Dlamini-Zuma shows true colours with tirade of hate

12 December 2017 - 05:00 By The Times Editorial
A jubilant Nkosazana Dlamini-Zuma makes a surprise appearance at the KwaZulu-Natal ANC provincial general council meeting in Durban.
A jubilant Nkosazana Dlamini-Zuma makes a surprise appearance at the KwaZulu-Natal ANC provincial general council meeting in Durban.
Image: Jackie Clausen

ANC presidential hopeful Nkosazana Dlamini-Zuma was quoted as lashing out against whites at an event with traditional and religious leaders in Bulwer in KwaZulu-Natal at the weekend. "Whites talk too much against radical economic transformation," she reportedly said. "Who are they to talk about looting? They have been stealing ever since their arrival in this country. They stole our land."

Now, this is probably the real NDZ standing up. Speaking in her rural home-town in isiZulu, she showed her true colours. Ironically, such divisive statements go against everything a "unity" movement should stand for.

But the truth is the unity campaign in the ruling party is just a cleverly crafted complot to keep the crooks in power.

Her latest statements are a foreboding of what is to come if she takes the presidency.
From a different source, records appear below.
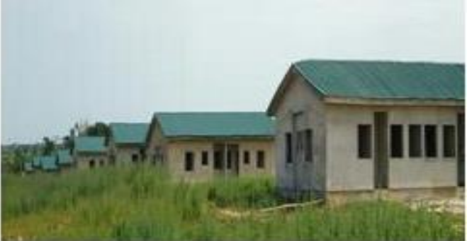
Talba Housing Estate Minna comprises of 500 Housing Units (2&3 Bedroom Flat) completed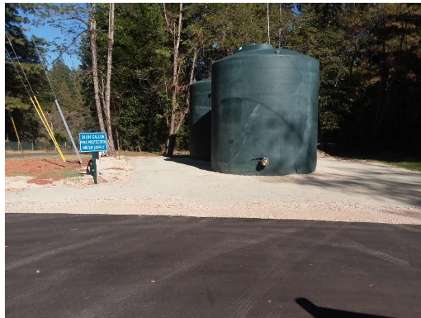
After clearing with water tanks installed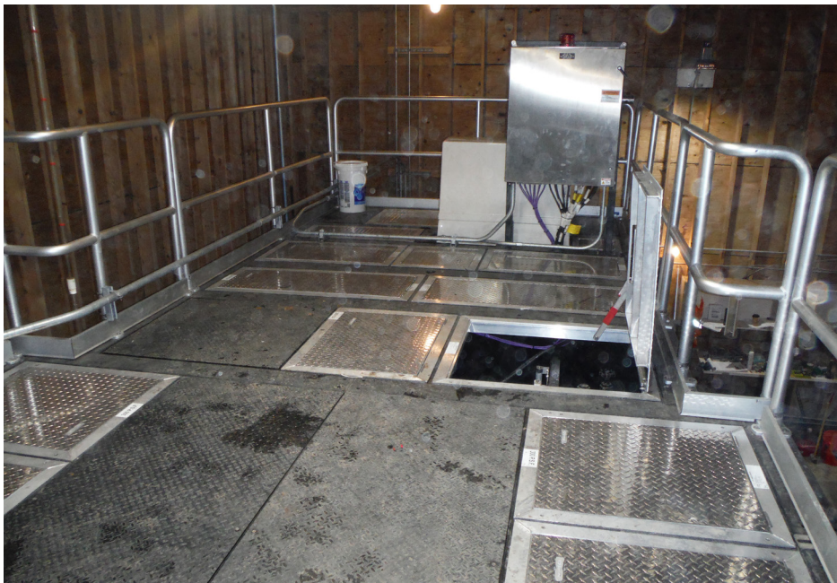
Completely enclosed and insulated

Infiltrator's package plants utilize the activated sludge process which allows naturally occurring bacteria to break down and oxidize organic contaminants in domestic wastewater. With the combination of aeration, clarification, and disinfection, the influent organic biological loading is consumed and converted into a highly-treated, clear, and odor-free effluent, allowing for subsurface disposal or direct discharge within stringent regulatory permit requirements. Additional tertiary treatment options can be integrated into the system as needed.

If Dlamini-Zuma is capable of spewing such hatred now, imagine the damage she is capable of doing as the president of our country.
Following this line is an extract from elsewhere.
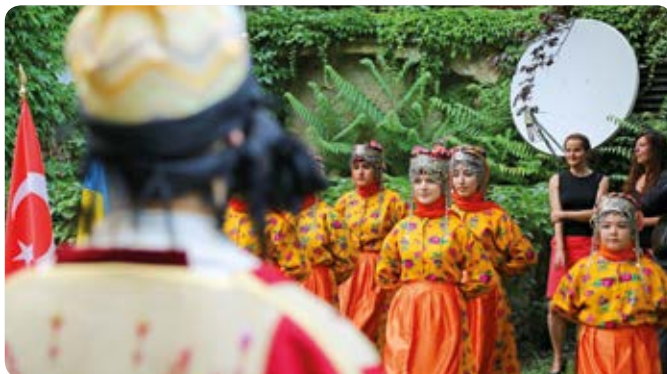
masterly dancers ...

Her comments are symptomatic of how schizophrenic the ANC has become. A Bloomberg report suggests the likelihood of a break-up is probably the biggest in the ANC's 105-year-old history, especially if Dlamini-Zuma becomes the new leader.

Another survey, conducted by Ratepop, a technology-based research and polling company, also predicts disastrous consequences for the ANC if Dlamini-Zuma emerges victorious.

The once powerful liberation movement now suffers from a disorder that makes it difficult to function normally. It is in real danger of splitting into two; while the one half is hellbent on keeping the corrupt in power, the other half is so desperately concerned about the ANC's future and the next national general elections they run the risk of taking their eye off the ball - getting the good guys elected as its new leaders at the upcoming conference.